By setting up a real-time log pipeline with Amazon Kinesis and OpenObserve, you can process and analyze these logs efficiently, gaining actionable insights in seconds. Furthermore, integrating Cloudfront access logs into OpenObserve allows you to leverage advanced search capabilities, custom dashboards, and real-time alerts.
Setting Up Real-Time CloudFront Log Monitoring
Here’s the high-level workflow we’ll follow:
- Enable real-time logging in CloudFront and configure it to stream logs to Kinesis.
- Create a Kinesis Data Stream to receive logs from CloudFront.
- Create a Lambda function to transform CloudFront logs into a format suitable for analysis.

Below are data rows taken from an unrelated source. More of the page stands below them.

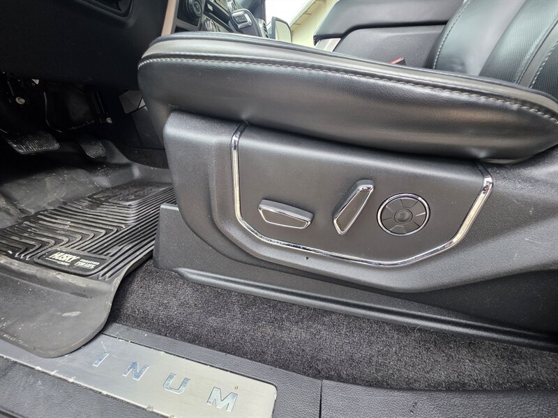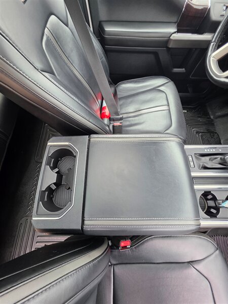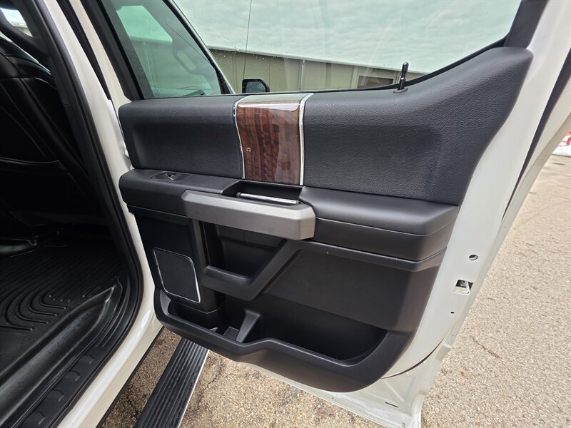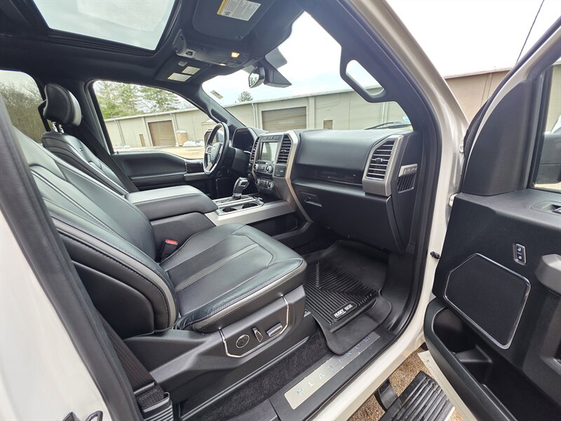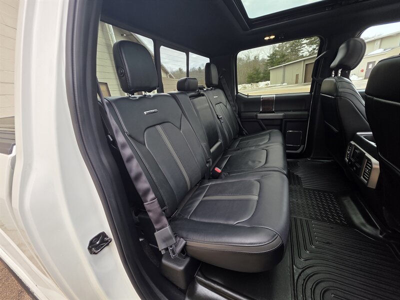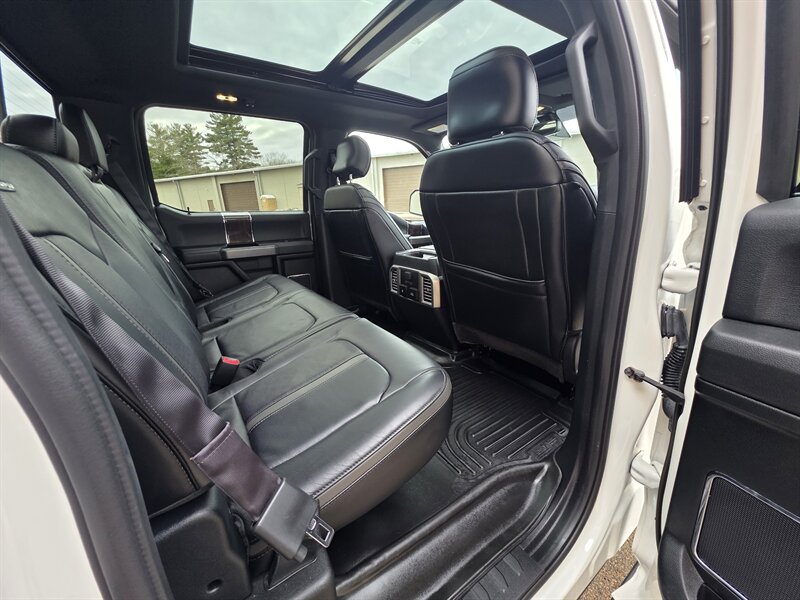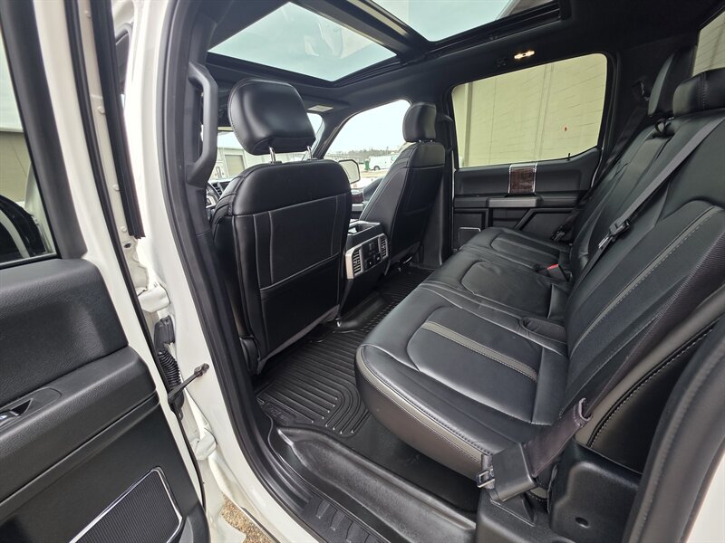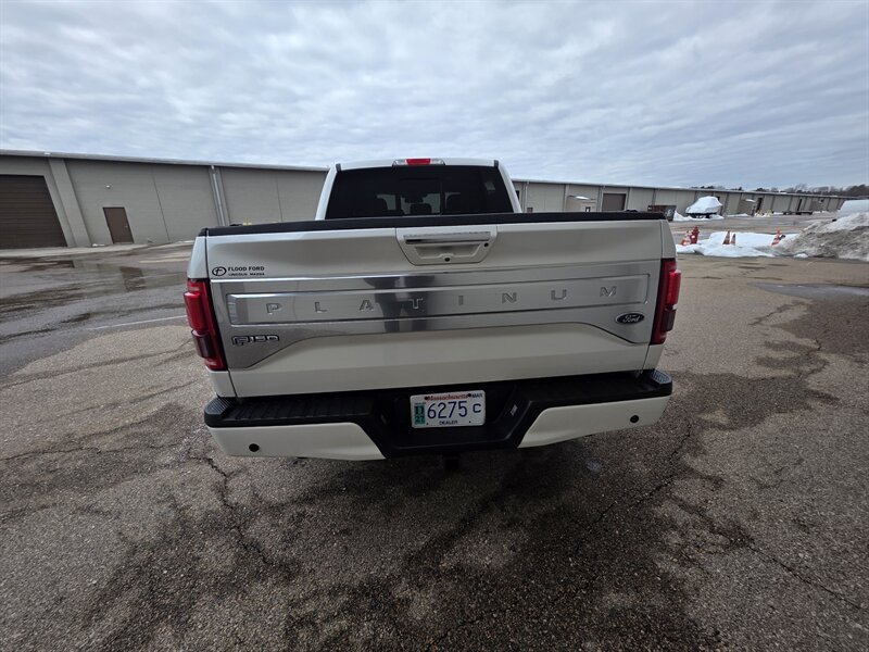 2017 Ford F-150 Platinum — White Platinum Metallic Tri-Coat exterior, Black leather interior. Powered by the 3.5L EcoBoost Twin-Turbo V6 (375 hp, 470 lb-ft). Equipment Group 701A plus optional Hard Tonneau pickup box cover, Tri-Coat paint, Auto Start-Stop and moonroof. Vehicle is in excellent overall condition. Factory-standard Platinum features (high level): - Premium leather-trimmed interior with heated and ventilated front seats, power-adjustable front seats with driver memory, and premium trim accents. - Leather-wrapped steering wheel, dual-zone automatic climate control and an upscale center stack with touchscreen infotainment (phone integration, Bluetooth) and a premium audio system. - Comprehensive safety and driver aids including multiple airbags, ABS, traction and stability control, rearview camera, trailer sway control and advanced parking aids/BLIS-type functionality. - Exterior Platinum appointments: chrome accents, premium alloy wheels, LED lighting elements and convenient power features (power mirrors, power windows/locks, available power running boards). - Practical truck features: a durable pickup bed with tie-downs, integrated towing capability and factory-installed convenience items designed for daily use and hauling. Contact us for a full equipment and options list or to schedule a viewing.
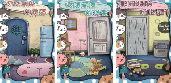 延续系列核心玩法,共设100余间主题独立密室,每间房具备完整视觉体系与专属谜题逻辑链。线索隐藏方式覆盖环境纹理、光影投射、物品材质反光等多维度,部分关键道具需通过多次视角旋转或特定时间点观察方可显现,强调系统性观察与跨场景信息关联能力。
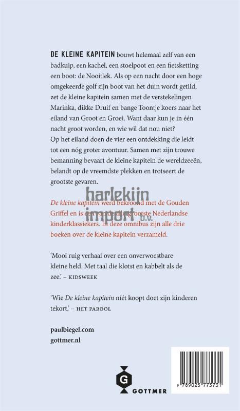 Een van de meest geliefde kinderboeken uit de Nederlandse jeugdliteratuur van meesterverteller Paul Biegel, in een prachtige, geïllustreerde omnibus. De kleine kapitein ‘De kleine kapitein’ is een van Biegels meest geliefde boeken. Carl Hollander voorzag deze gevierde klassieker van de iconische, vrolijke maar ook spannende illustraties. De kleine kapitein bouwt helemaal zelf een boot van een badkuip, een kachel, een stoelpoot en een fietsketting. Hij doopt zijn schip de Nooitlek en begint samen met de drie verstekelingen Dikke Druif, Marinka en Bange Toontje aan een lange, gevaarlijke reis naar het eiland van Groot en Groei. Daar kun je in één nacht groot worden… Toch? Meesterverteller Paul Biegel is de meesterverteller van de Lage Landen, een van de meest geliefde stemmen in de Nederlandse jeugdliteratuur. Voor zijn werk kon hij onder andere twee Gouden Griffels en vier Zilveren Griffels in ontvangst nemen. Ook voor ‘De kleine kapitein’ ontving hij een Gouden Griffel. Paul Biegel is de auteur van meer dan 60 boeken.
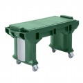 Versa Food Bar™ Work Table, cold food, 5 ft. unit, 69"L x 27"W x 29-1/4"H, low work height, holds (4) full size pans, accommodates various size food pans up to 6", cooled with optional Camchillers® or ColdFest®, double-wall polyethylene, molded-in handles, threaded faucet drain, non-electrical, (4) 6" swivel casters with brakes, Kentucky green (made to order), NSF

- Use Kinesis Data Firehose to deliver logs from Kinesis to OpenObserve.
- Analyze the data in OpenObserve using visual dashboards.
Let’s dive into the details.
Step 1: Retrieve OpenObserve Details
Before setting up AWS services, retrieve the necessary information from OpenObserve for log ingestion.
- Log in to OpenObserve:
- If you don’t have an account, follow the OpenObserve Quickstart Guide to set up a free Cloud or self-hosted account.
- Navigate to Ingestion → Custom → Logs → Kinesis Firehose.
- Copy the following details:
- Endpoint URL: This will be used as the destination in Kinesis Firehose.
- Access Key: Used for authentication when sending data to OpenObserve.
These details will be required later when configuring Kinesis Data Firehose.
Step 2: Set Up a Kinesis Data Stream
The first step in AWS is creating a Kinesis Data Stream to receive real-time logs from CloudFront.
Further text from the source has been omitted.